The Clean Fuel Standard will provide an important assist once it is implemented in the 2022-2023 timeframe as it will require increasingly lower levels of carbon in liquid, gaseous, and solid fuels for transportation, industry, and buildings.
ZEV mandates, in place in Quebec and announced in British Columbia, could be a driver of change for OEMs with hydrogen FCEVs in their product lineup. New investments in publicly-accessible fueling stations are being supported by the federal government as well as British Columbia and Quebec.

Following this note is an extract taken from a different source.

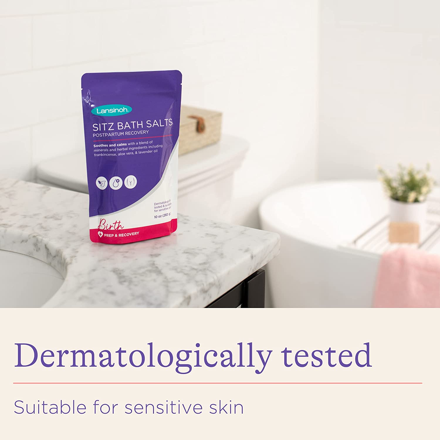 Soothing is second nature to us. Lansinoh Sitz Bath Salts are designed for postpartum recovery to help soothe and calm tender, aching areas in a comforting bath soak. Made with Epsom salts and a calming blend of all-natural herbal ingredients, including frankincense essential oils, aloe vera, and lavender oil. Dermatologically tested, with no petroleum or parabens. Suitable for use during pregnancy and postpartum. Part of the Birth Prep & Recovery line designed for mom by Lansinoh. Self-care, wellness, and postpartum recovery. Simple, safe, and backed by research and guidance from experts. For nearly 40 years, new mothers have trusted Lansinoh to support and care for them while they enter the messy magic of motherhood. Born from one mother’s realization that birthing people often go without the support they need and deserve, Lansinoh proudly stands with mothers all over the world. Our journey started with award winning, doctor recommended HPA Lanolin Nipple Cream: today, we offer a comprehensive collection of solutions to help new parents navigate pregnancy, birth, breastfeeding, and pumping. Our product range includes organic nipple balm, disposable nursing pads, washable nursing pads, breastmilk storage bags, manual breast pumps and double electric breast pumps, postpartum essentials, baby bottles, and more. Lansinoh products are available in more than 70 countries and the company is committed to being climate neutral by 2030.

Certainly Eastern Canada is welcoming the introduction of the Cape Breton facility which will produce, store and export green hydrogen for markets in Canada, the American northeast and in the North Sea. The product will be shipped from a nearby port at Point Tupper, which can handle the largest tankers in the world, and the regional also has the road and rail infrastructure to move good efficiently.
“The Strait is well-positioned to welcome this,” said Tyler Mattheis, president and CEO of the Cape Breton Partnership, a private sector-led not-for-profit organization focused on all of Cape Breton. “These big companies and their investments are really shining a light on the opportunities here.”